Saturday, December 27, 2008

Bathroom Monologue: Sometimes in the same monologue

“You find the short story unbelievable? Oh, good! I was afraid people would think it actually happened. What, you think unbelievable fiction is bad? I say thinking fiction happened is much worse. I want people to think I made it up. I’m the creator, not the reporter. I don’t write what happened or what could happen – if you want that head over to the Non-Fiction section, which routinely outsells Fiction, so I can’t imagine you’ve never heard of it. No, my fiction is there to let me write what I’d like to happen, or what I very much don’t want to happen. Sometimes at the same time. Sometimes in the same sentence. Why even bother having a creative drive in my head if all I’m just going to report what I think is plausible in made-up stories? That’s why the story opens with a woman knocking over a man and falling in love at first sight as he asks her to get off of him. It’s funny and it leads to a relationship that I’d like to exist, but that can’t if it never enters anybody’s head as acceptable, and an alien idea can’t be acceptable until somebody brings it up. Every story needs its own internal truth, a personal plausibility, but realistic stories are dreadful. I don’t want to write them.
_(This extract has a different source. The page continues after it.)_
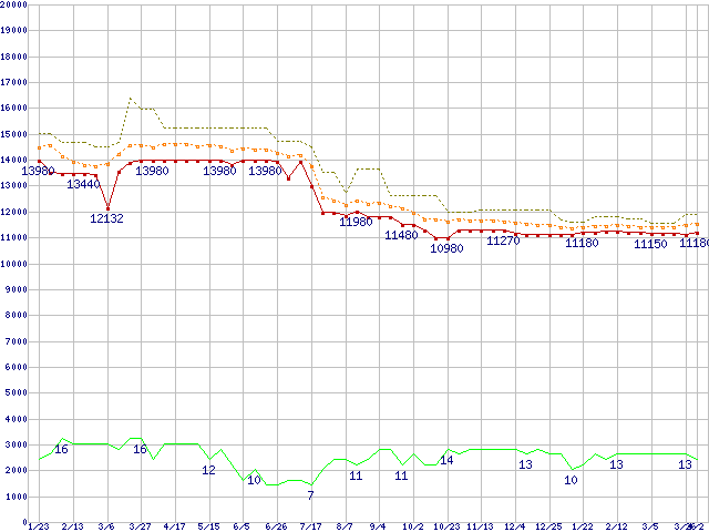 Core 2 Duo E7500 (2.93GHz,L2 3MB)の価格推移↑前グラフ↓次グラフ(2009年1月23日〜2010年4月2日)※このグラフは過去のデータも税率5%相当に調整した税込み相当額のグラフです。●関連グラフCPU主要製品の最安値推移CPU主要製品(最安値1万円〜2万円未満)の最安値推移Intel系CPUの最安値推移LGA775 (FSB 1066MHz,Dual Core,TDP 65W)の最安値推移●凡例最安値(点線部は販売店未確認または未調査)平均値最高値ショップ数

I’m not particularly compelled to read them, because I have the cheaper and richer alternative of going outside for all the reality I can eat. I passed Journalism in college, but passed it even more enthusiastically as a career choice. If it’s unbelievable, implausible and downright ludicrous, then let’s have a look at it. It might be funny, terrifying, or both, or neither but having some other quality worth examining, or at least experiencing. Experiencing what we don’t have – there’s a purpose for a creative drive. I don’t believe a prince of Denmark met his deceased father in the dead of night, and I most certainly don’t believe the two talked over the matter in English – but I still like Hamlet.”